Сценаристы вымарали из речи персонажей суждения о всевластности Красоты (о чарах ее вспоминают изредка, мимоходом). Главная дихотомия романа — «стерильность и бесчувственность Прекрасного» vs. плотская жизнь. Вожделение к прельстительной Красоте замещает для послушника все иные соблазны (сексуальные влечения в том числе). Итикава сдвигает акценты, оттеняя в сюжете иную конфликтную нестыковку: неподъемной ноше святости, зову религиозного призвания противится несовершенство людских натур, суетность мирского обихода.

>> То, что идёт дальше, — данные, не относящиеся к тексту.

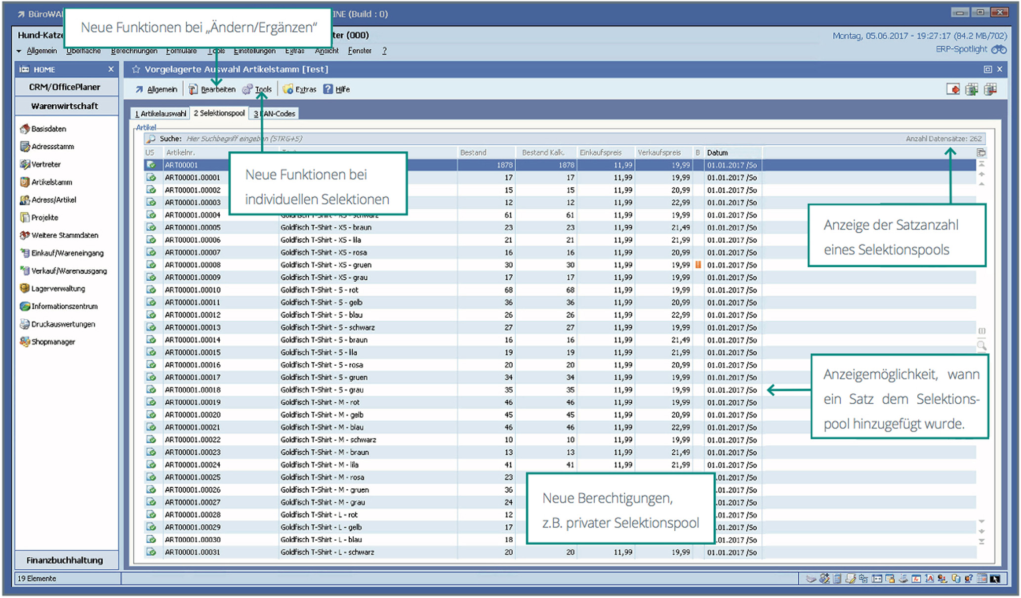 Der Selektionspool hat sich seit Einführung der Version 5.5 der BüroWARE zu einem Werkzeug entwickelt, dass aus der täglichen Arbeit nicht mehr wegzudenken ist. Das SoftENGINE-Entwicklerteam hat über 30 Veränderungen vorgenommen und neue Funktionen hinzugefügt, die von den Partnern und Anwendern vorgeschlagen wurden.
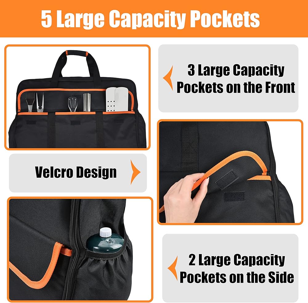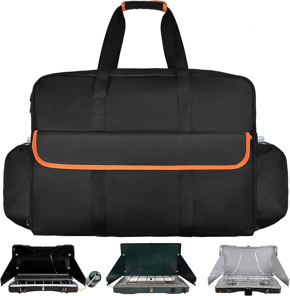 • 【Multiple Pockets】Bring everything you need in one bag! Our camp stove burner carry bag has three large front pockets for your barbecue tools, cookware, seasonings and other accessories and two side pockets for propane cylinders.
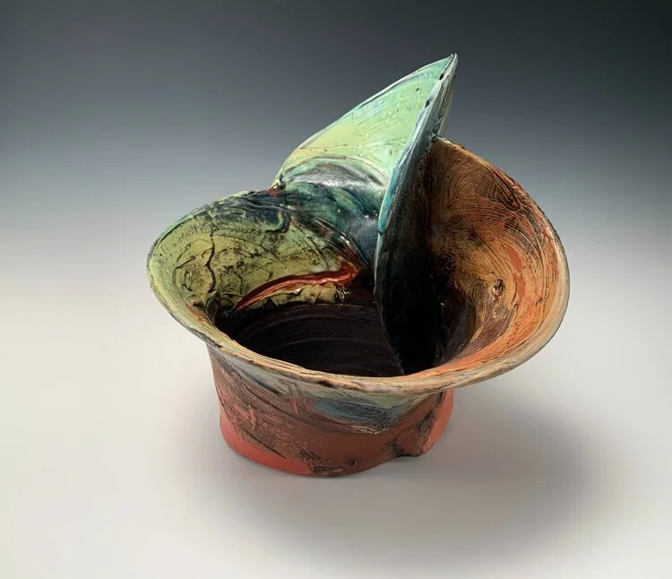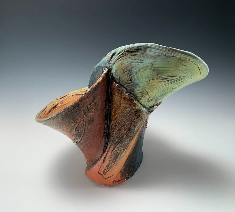 Beach Twist, 14” x 10.5” x 8.25”. Terra cotta and Glaze.
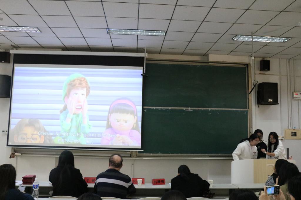 本次比赛分为专业组和非专业组,选手们需自行准备影视视频、进行现场表演,并由评委打分。参赛选手准备的影视片段类型多样,现场气氛热烈。选手们发音标准流畅、情感饱满,且对角色把握准确,将所选影视片段演绎得十分精彩。在决赛中,专业组罗文卓小组对《青春变形计》的配音表演声情并茂,不仅展现出她们深厚的英语语言功底,还彰显了独特的表演魅力,荣获专业组一等奖。非专业组选手李欣怡及其小组成员为《无敌破坏王》的配音生动传神,动人心弦,以卓越的表现为大家献上一场视听盛宴,荣获非专业组一等奖。最后,评委们在情感表达和选材方面给予评价,对参赛选手们的努力和付出表示了肯定,并向她们分享了宝贵的相关知识和经验。
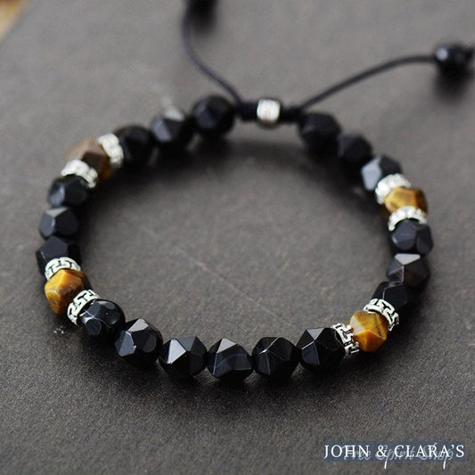 Natural Tiger Eye & Matte Black Onyx Faceted Bead Bracelet
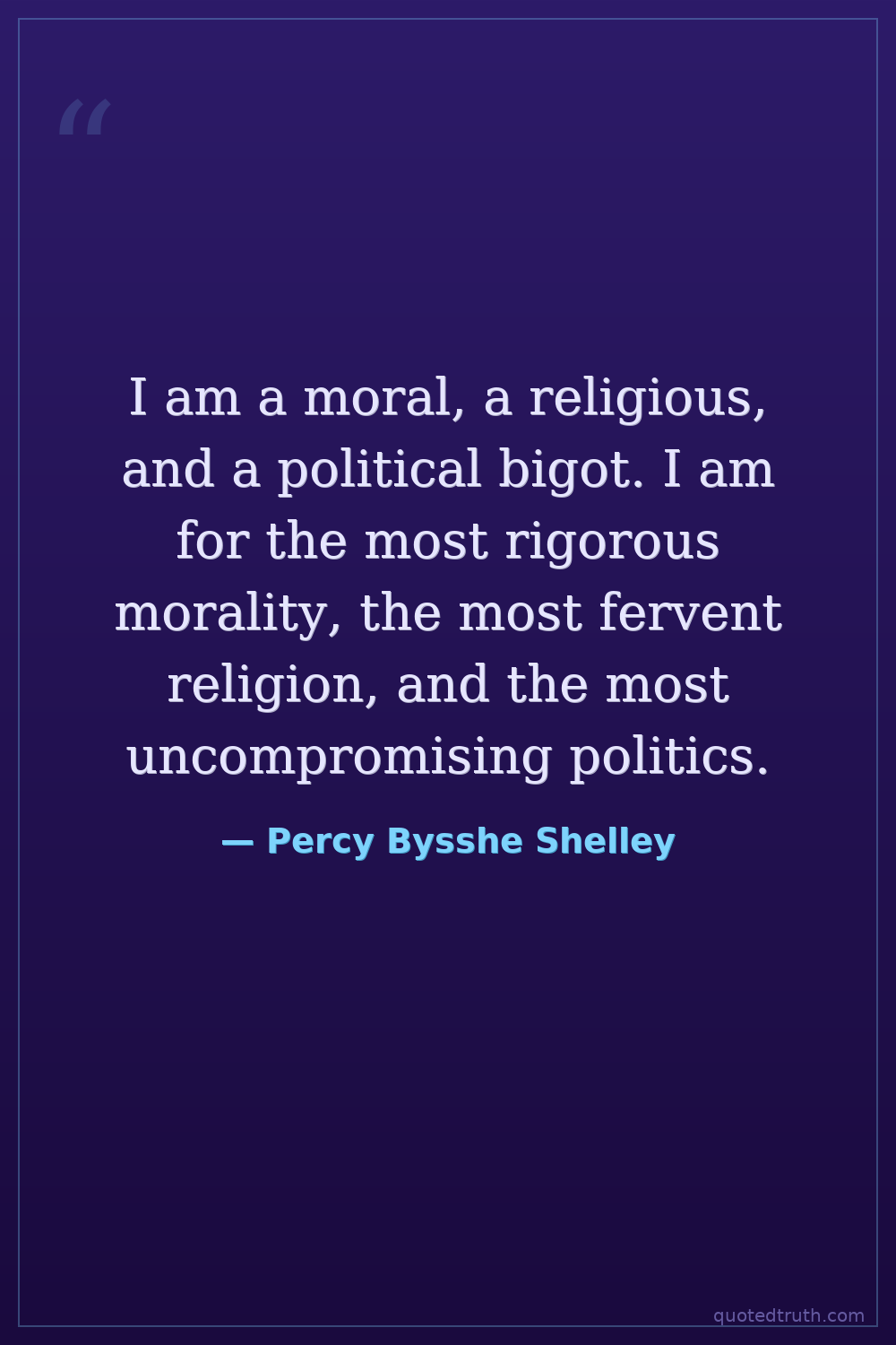 I am a moral, a religious, and a political bigot. I am for the most rigorous morality, the most fervent religion, and the most uncompromising politics.
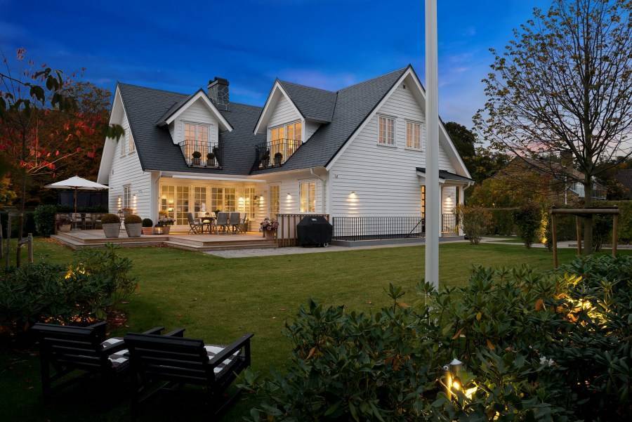 Фасады домов в скандинавском стиле окрашиваются в белоснежный цвет при отсутствии другой отделки.
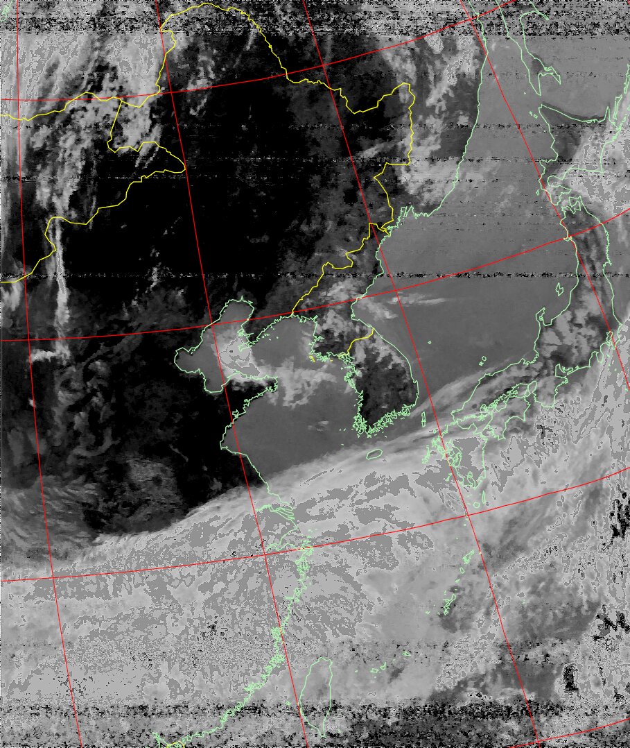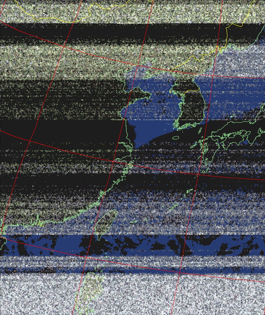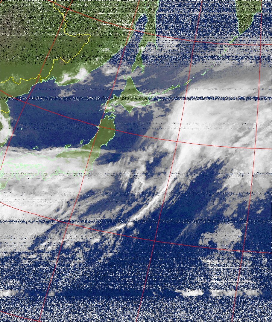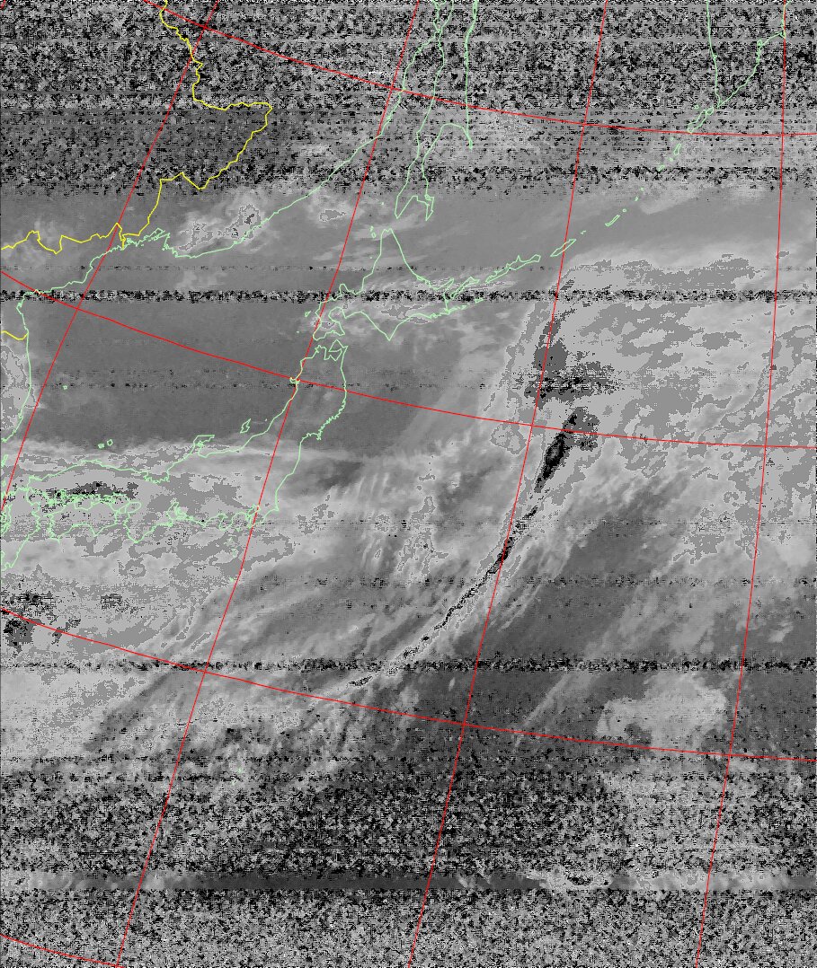 NOAA18 23:10:28~23:25:25 進行方向(南から北) 最大昇角(30°) 方角(西)

В отличие от романиста, который с холодным восторгом вивисектора препарирует фобии и мании молодого монаха (экий примечательный экземпляр!), режиссер Кон Итикава и актер Райдзо Итикава, сыгравший главную роль, явно жалеют героя. Бремя одиночества из умозрительной категории они превращают в беду отнюдь не абстрактного индивида. В сценарии четче, чем в книге, прочерчены характеристики побочных персонажей. Настоятель храма не обделен сомнениями: знает, что масштаб его личности несоразмерен духовному рангу. Но он безнадежно увяз в суетном круговороте вещей. Отец-эконом (который едва упомянут в романе), еще один проводник «материальных начал», утверждает себя в сребролюбии и интриганстве. Мать пугает юношу автоматизмом женских инстинктов: легко изменяла больному мужу, навязчиво и бестолково проявляет родительскую любовь. Бескомпромисснее, чем у Мисимы, трактована фигура Кавасаги, наперсника и искусителя героя, его проводника по темным закоулкам души (точная работа Тацуи Накадая, в будущем - «первого трагика» Куросавы). Манипулятор-имморалист, он притворяется сверхчеловеком, адептом безграничной свободы, что выше плебейских норм. Книжный прообраз киногероя до последних страниц сберегает свое темное обаяние, аромат первоцветов зла. Итикава движется наперекор Мисиме: кинокамера-наблюдатель застает Кавасаги врасплох. И видит вовсе не супермена, а озлобленного калеку, себялюбца, неспособного к самоотдаче. Жалок, никчемен, убог. Задумав спалить Золотой храм, романный монах Мидзогути намеревался погибнуть в пламени или сразу покончить с собой. Но решимость покидает его. Японский Герострат остается на этом свете. И чувствует вдруг не уколы вины, а истому удовлетворения: «На душе было спокойно, как после хорошо выполненной работы». В фильме иначе. Авторы адаптации вводят в сюжет внешнее обрамление, «раму». Картина начинается с допроса поджигателя (ретроспекции — всё, что вносится в протокол). Послушник пробовал умереть синхронно с храмом, но подвели ненадежные яд и нож. В финале полицейский чин препровождает осужденного в тюрьму. Усыпив бдительность стража, преступник кончает с собой. Выбрасывается — на полном ходу — из железнодорожного вагона.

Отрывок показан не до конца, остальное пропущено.